Yakir Shina יקיר שינה

Personal information
- Full name: Yakir Shina
- Date of birth: September 25, 1985 (age 40)
- Place of birth: Rishon LeZion, Israel
- Height: 1.80 m (5 ft 11 in)
- Position: Center-back

Team information
- Current team: Hapoel Marmorek

Youth career
- Maccabi Tel Aviv

Senior career*
- Years: Team / Apps / (Gls)
- 2004–2013: Maccabi Tel Aviv / 15 / (0)
- 2006–2007: → Hapoel Bnei Lod (loan) / 29 / (1)
- 2007–2008: → Hapoel Acre (loan) / 31 / (2)
- 2008–2010: → Maccabi Ahi Nazareth (loan) / 30 / (1)
- 2010–2011: → Hapoel Ramat Gan (loan) / 30 / (1)
- 2011–2013: → Hapoel Bnei Lod (loan) / 54 / (7)
- 2013–2014: Beitar Tel Aviv Ramla / 31 / (1)
- 2014–2015: Hapoel Ra'anana / 11 / (0)
- 2015–2016: Hapoel Bnei Lod / 21 / (1)
- 2016–2017: Maccabi Netanya / 23 / (1)
- 2017–2018: Hapoel Rishon LeZion / 16 / (0)
- 2018–2019: Hapoel Marmorek / 13 / (0)

International career
- 2011–: Israel (beach) / 2 / (0)

= Yakir Shina =

Israeli footballer (born 1985)

Yakir Shina (יקיר שינה; born 25 September 1985) is an Israeli footballer who plays for Hapoel Marmorek. He had been loaned to Hapoel Ramat Gan, Hapoel Acre, Maccabi Ahi Nazareth and played for Beitar Tel Aviv Ramla, Hapoel Bnei Lod and Hapoel Ra'anana, and is a defender.
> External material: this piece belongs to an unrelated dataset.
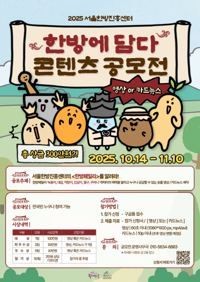 서울 동대문구(구청장 이필형)는 한방산업특구인 서울약령시에 위치한 서울한방진흥센터(서울약령시한의약박물관)가 ‘2025 한방에 담다 콘텐츠 공모전’을 개최한다고 밝혔다.

Yakir began his career with Maccabi Tel Aviv. He moved to Maccabi Ahi Nazareth in 2008. In the 2008-2009 season Maccabi Ahi Nazareth played in Liga Leumit and promoted to Ligat Ha'al and the fans of the team insisted that they wanted him to stay in the team at least for one more season. In the first match in the 2009/2010 season he scored a goal and showed that he is very talented player. After the match, scouts from Alemannia Aachen were interested by his fast and "fighting" playing style. Unfortunately in the second game against Bnei Yehuda Tel Aviv F.C. he was injured in the 40th minute and missed the rest of the season.